Årdal FK
- Full name: Årdal Fotballklubb
- Founded: 9 October 2003
- Ground: Jotun stadion, Øvre Årdal
- Coach: Morten Brandsdal
- League: 4. divisjon
- 2024: 3. divisjon group 1, 13th of 14 (relegated)
| Home colours | Away colours |

= Årdal FK =

Norwegian football club

Årdal Fotballklubb is a Norwegian football club from Øvre Årdal in Årdal Municipality, Vestland county, Norway.

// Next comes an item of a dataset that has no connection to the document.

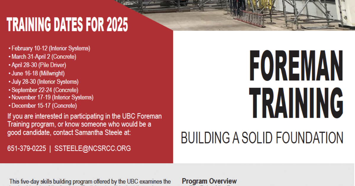 The Foreman Training Program is not an open-enrollment program. All requests for approval to attend this program must be coordinated through the District Vice-President’s Office. If you are interested in this program, please contact Samantha Steele at (651) 379-0225 or ssteele@ncsrcc.org at the Regional Council Office to ensure you are going through the proper channels.
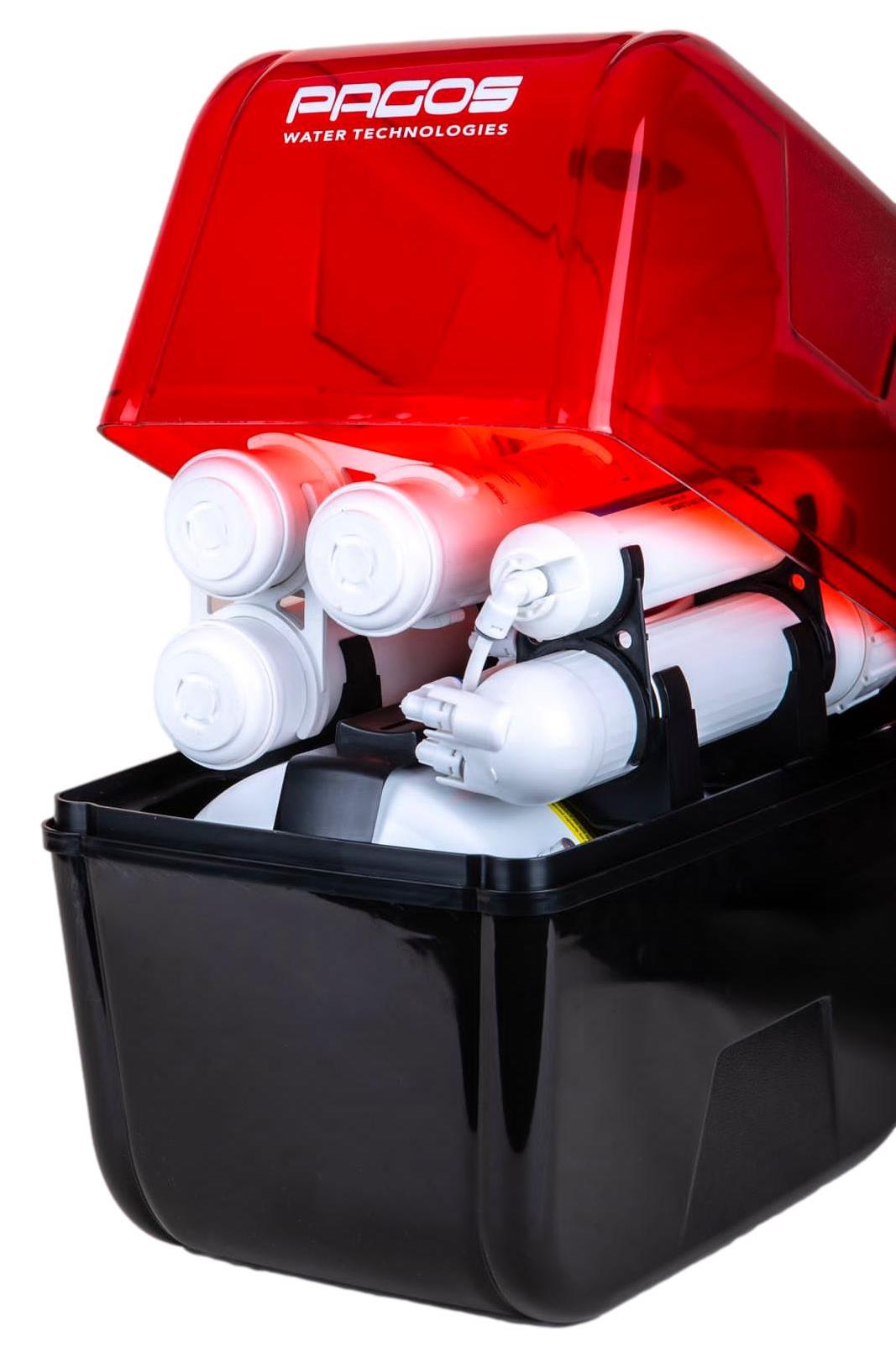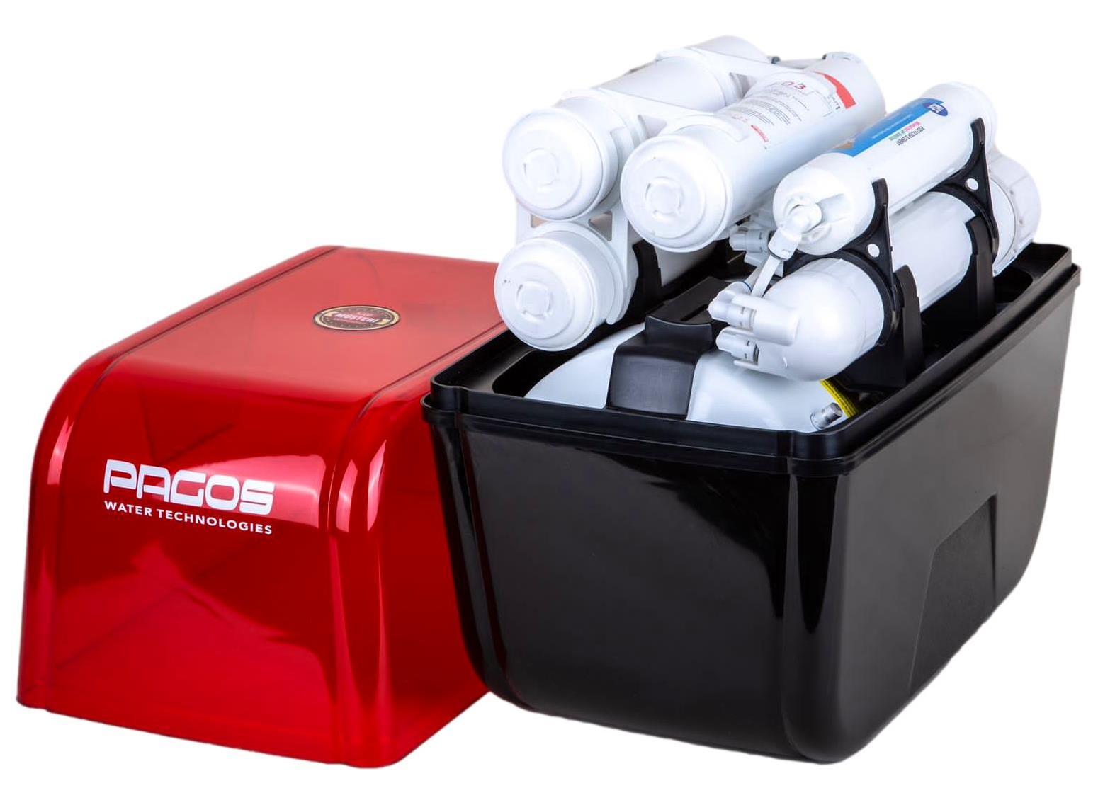 Чиста, мека, неутрална и ниско минерализирана вода от компактна система за монтаж под мивката. Пет степенна филтрация за най-вкусната вода за пиене директно на мивката в кухнята. С помощта на Pagos Вие имате идеално омекотена и чиста вода. В системата е включена кран за чиста вода, която се монтира на мивката или плота, както и разклонител за присъединяване към външни консуматори.

The club was founded on 9 October 2003 as a merger between the football branches of IL Jotun and Årdalstangen IL on senior level. The club was known as Jotun Årdalstangen FK until late 2005.

As of 2020, the men's team currently plays in the 3. divisjon, the 4th tier of the Norwegian football league system, having last played in the 2. divisjon in 2006.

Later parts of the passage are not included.